Correlation Between a Novel Surface Topography Asymmetry Analysis and Radiographic Data in Scoliosis

Amin Komeili; Lindsey Westover; Eric C Parent; Marwan El-Rich; Samer Adeeb

doi:10.1016/j.jspd.2015.02.002

Correlation Between a Novel Surface Topography Asymmetry Analysis and Radiographic Data in Scoliosis

Spine Deform. 2015 Jul;3(4):303-311. doi: 10.1016/j.jspd.2015.02.002. Epub 2015 Jun 11.

Authors

Amin Komeili¹, Lindsey Westover², Eric C Parent³, Marwan El-Rich¹, Samer Adeeb¹

Affiliations

¹ Department of Civil and Environmental Engineering, University of Alberta, Edmonton, Alberta T6G2V4, Canada.
² Department of Mechanical Engineering, University of Alberta, Edmonton, Alberta T6G2G8, Canada. Electronic address: lwestove@ualberta.ca.
³ Department of Physical Therapy, Faculty of Rehabilitation Medicine, University of Alberta, Edmonton, Alberta T6G2G4, Canada.

PMID: 27927474
DOI: 10.1016/j.jspd.2015.02.002

Abstract

Study design: Cross-sectional study.

Objective: To investigate the correlation between parameters extracted from a three-dimensional (3D) asymmetry analysis of the torso and the internal deformities of the spine presented on radiographs, including 1) curve number, direction and location; 2) location of the apical vertebra; and 3) curve severity.

Summary of background data: Surface topography (ST) is used to assess external torso deformities and may predict important characteristics of the underlying spinal curves.
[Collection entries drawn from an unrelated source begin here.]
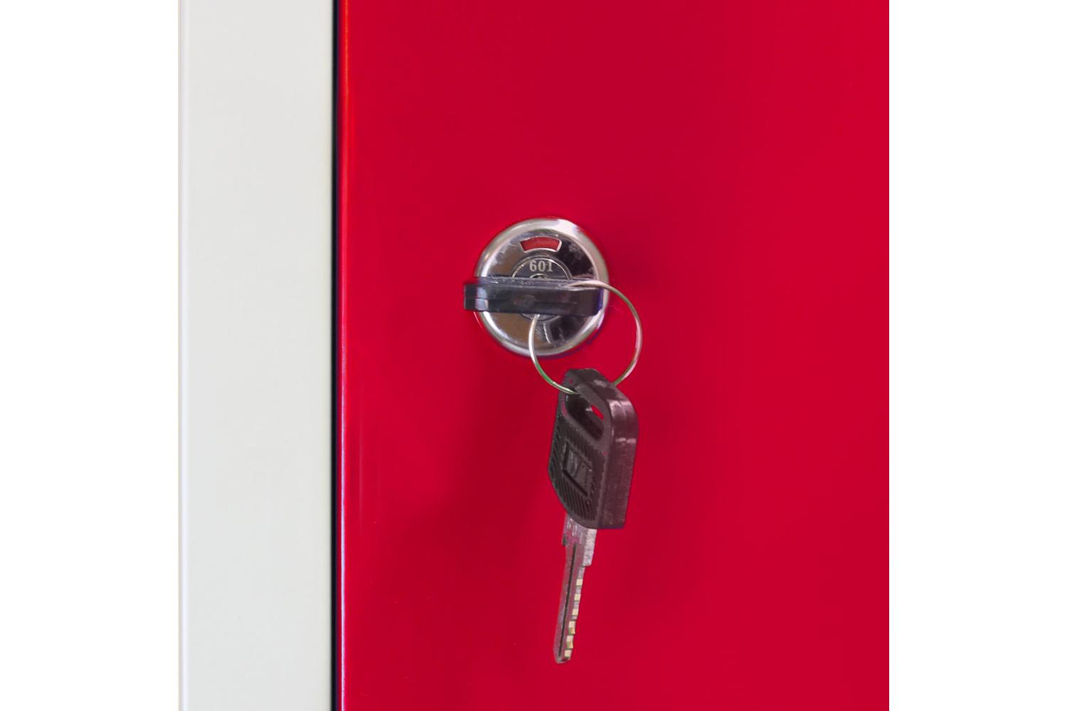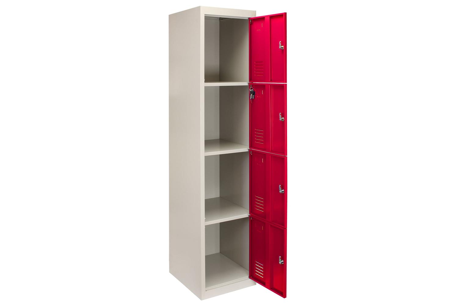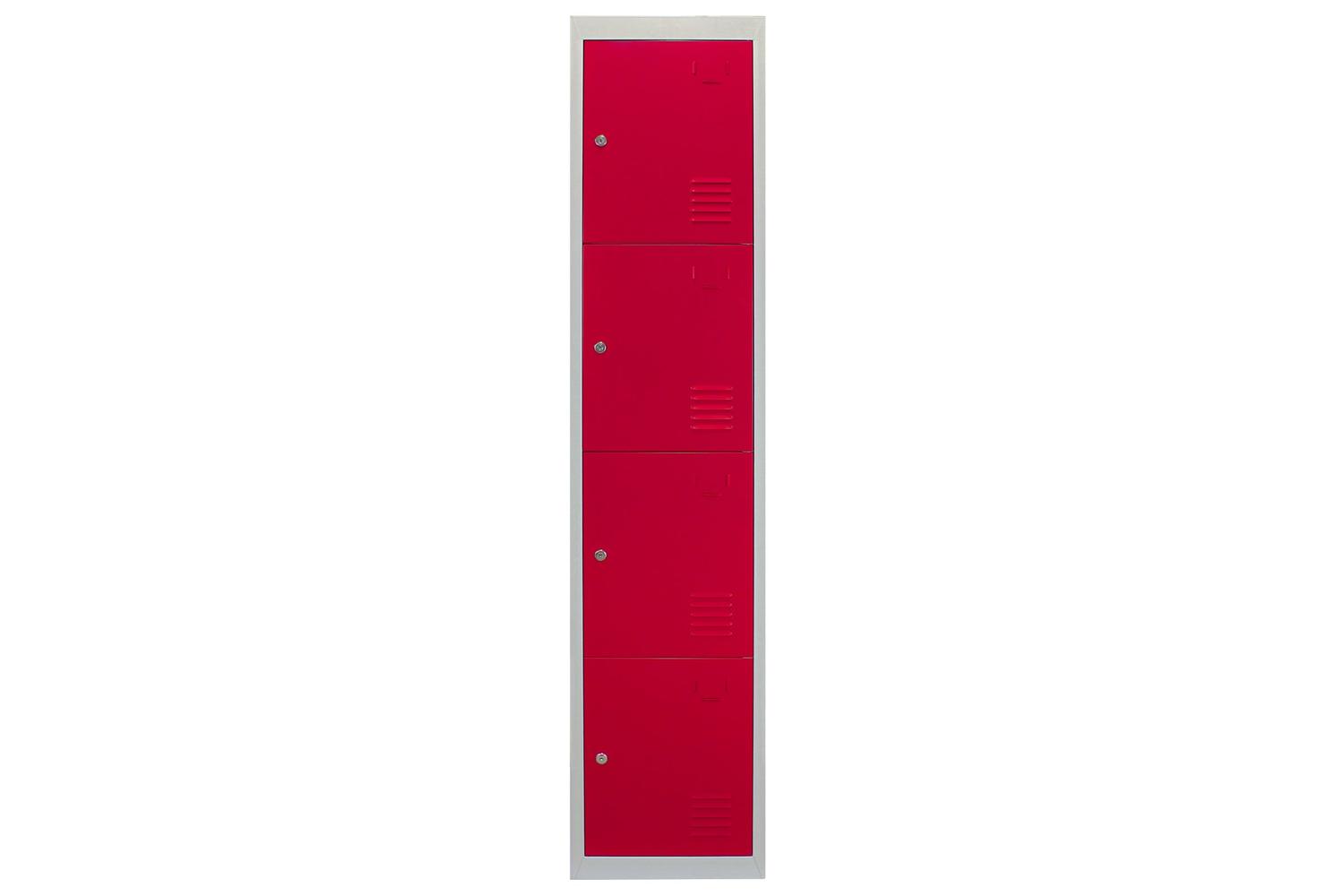 Flush with a robust frame coated with hard-wearing powder steel and sporting red doors, our storage solution lends your space a classic yet striking look. The dimensions of this quad door metal locker unit, standing at 180cm high, 45cm deep, and 38cm wide, offers ample capacity for staff, clients, or students. It allows everyone to stow their personal effects securely without crowding each locker, sparking confidence in your storage system's security and roominess.
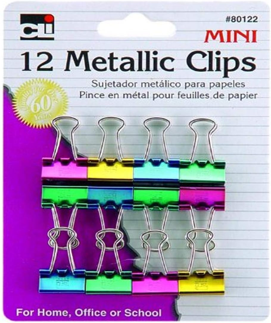 Binder Clips, Metallic, Assorted Colors, Mini, 12-Pack 80122
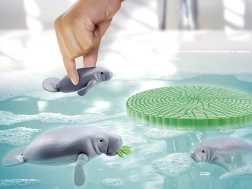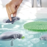 Dospělý manat a dvě mláďata inspirují k péči o zvířata, krmení a pozorování ve vodním prostředí.
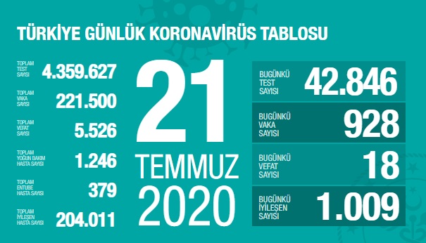 Sağlık Bakanlığı tarafından 21 Temmuz 2020 tarihli, Türkiye Günlük Koronavirüs Covid_19 Tablosu paylaşıldı.
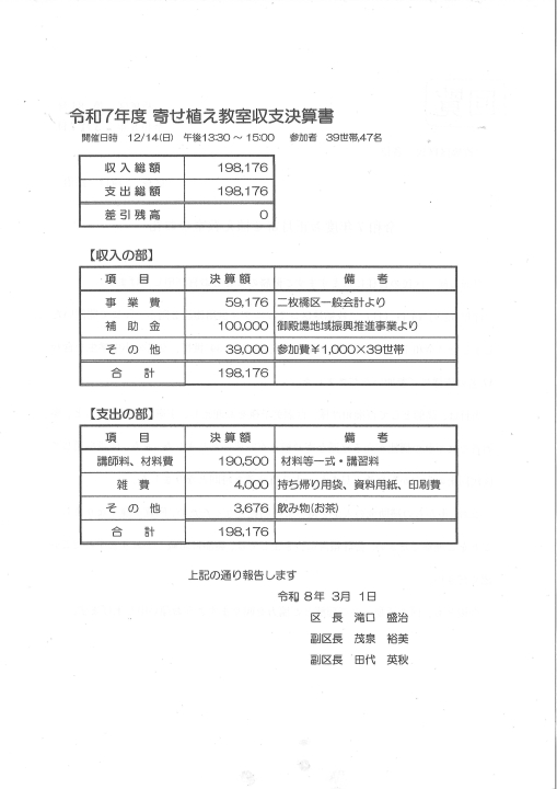 この度、令和7年度の総務担当副区長の池谷肇弘氏ですが、緊急な医療対応が必要になったため、ご辞退したいとの意向を示されました。そこで、区として、池谷氏の一日も早い完治を祈念し、受理させていただきました。
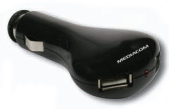 Mediacom Dual USB Car Charger. Charger type: Auto, Charger compatibility: Mobile phone, MP3, PDA, Power source type: Cigar lighter. Colour of product: Black. Input voltage: 12 - 24
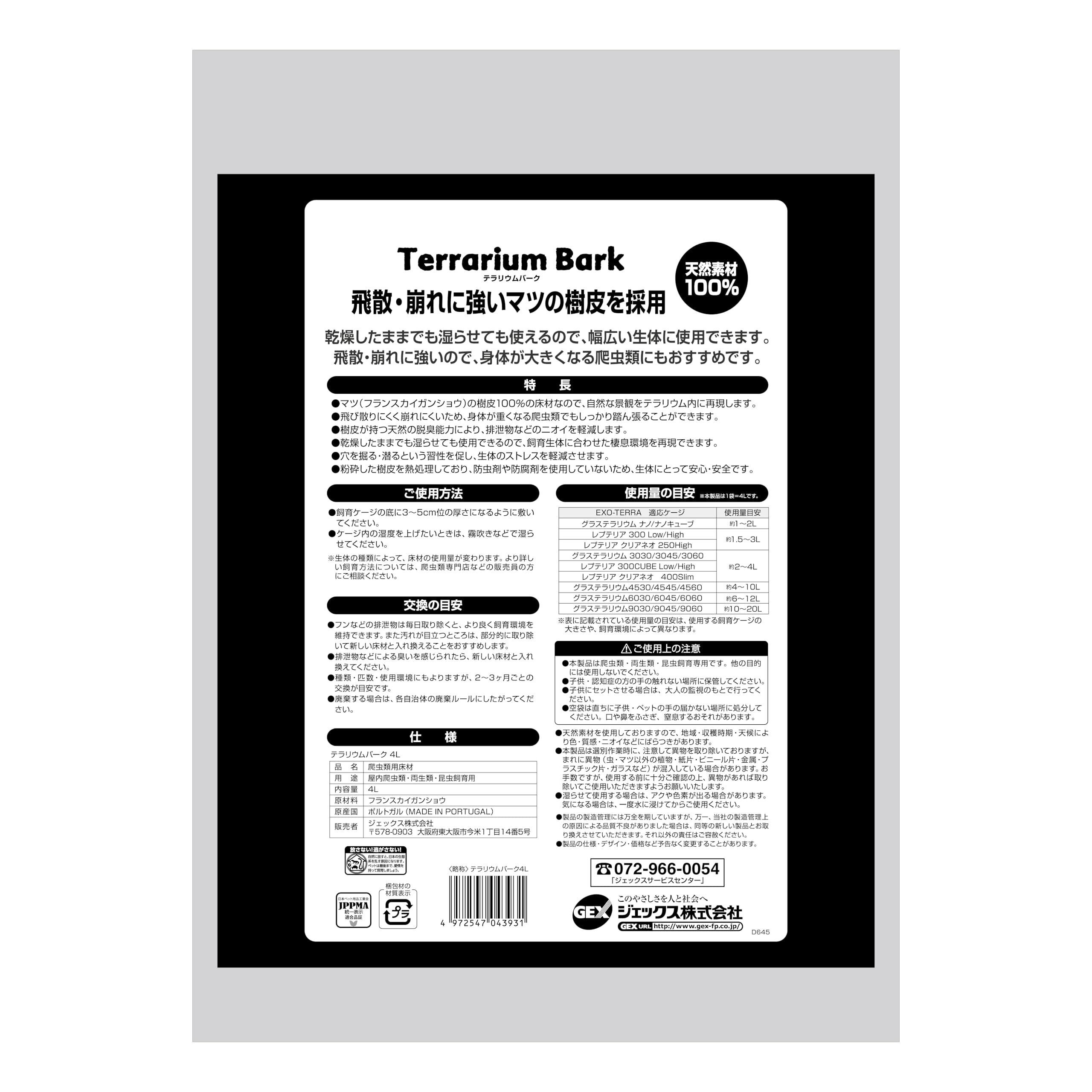 飛散・崩れに強いマツの樹皮を採用した床材 身体が大きくなる生体におすすめ! 樹皮の脱臭能力で排泄物のニオイを軽減。乾燥したままでも湿らせても使用できるので、飼育生体に合わせた棲息環境を再現できます。 天然フランスカイガンショウ100% ●マツ(フランスカイガンショウ)の樹皮100%の床材なので、自然な景観をテラリウム内に再現します。●飛び散りにくく崩れにくいため、身体が重くなる爬虫類でもしっかり踏ん張ることができます。●樹皮が持つ天然の脱臭能力により、排泄物などのニオイを軽減します。●乾燥したままでも湿らせても使用できるので、飼育生体に合わせた棲息環境を再現できます。●穴を掘る・潜るという習性を促し、生体のストレスを軽減させます。●粉砕した樹皮を熱処理しており、防虫剤や防腐剤を使用していないため、生体にとって安心・安全です。 <ご使用方法>●飼育ケージの底に3-5cm位の厚さになるように敷いてください。●ケージ内の湿度を上げたいときは、霧吹きなどで湿らせてください。※生体の種類によって、床材の使用量が変わります。より詳しい飼育方法については、爬虫類専門店などの販売員の方にご相談ください。 <交換の目安>●フンなどの排泄物は毎日取り除くと、より良く飼育環境を維持できます。また汚れが目立つところは、部分的に取り除いて新しい床材と入れ換えることをおすすめします。●排泄物などによる臭いを感じられたら、新しい床材と入れ換えてください。●種類・匹数・飼育環境にもよりますが、2-3ヶ月ごとの交換が目安です。 <内容量>4L

ST does not expose patients to radiation and could safely be used clinically for scoliosis patients. Most ST indices rely on anatomical landmarks on the torso and 2D measurements.

Methods: The ability of a 3D markerless asymmetry technique to predict radiographic characteristics was assessed for 100 scoliosis patients with full torso ST scans. Twenty-four additional patients were used for validation. The number, direction, and location of curves were determined by three examiners using ST deviation color maps. The inter-method percentage of agreement and Kappa coefficient were estimated for each measure. Linear regression predicted the vertical location of the apical vertebra from ST. Curve severity (mild, moderate, severe) was predicted with a decision tree analysis using ST parameters.

Results: The average percentage of agreement was 62%, 66%, and 23% for single, double, and triple curves, respectively. Curve direction was always correctly identified. The average percentages of agreement for curve location were 63%, 92%, and 62% for proximal thoracic, thoracic/thoracolumbar (T-TL), and lumbar (L) curves, respectively. Apical vertebra location was predicted with R² = 0.89 for T-TL and R² = 0.58 for L curves. ST parameters classified curve severity for T-TL and L curves with 73% and 59% accuracy, respectively.

Conclusions: The method presented here improves upon current ST techniques by using the entire torso surface and both a visual and quantitative representation of the asymmetry to better capture the torso deformity.

Keywords: Adolescent idiopathic; Asymmetry analysis; Radiography; Scoliosis; Surface topography.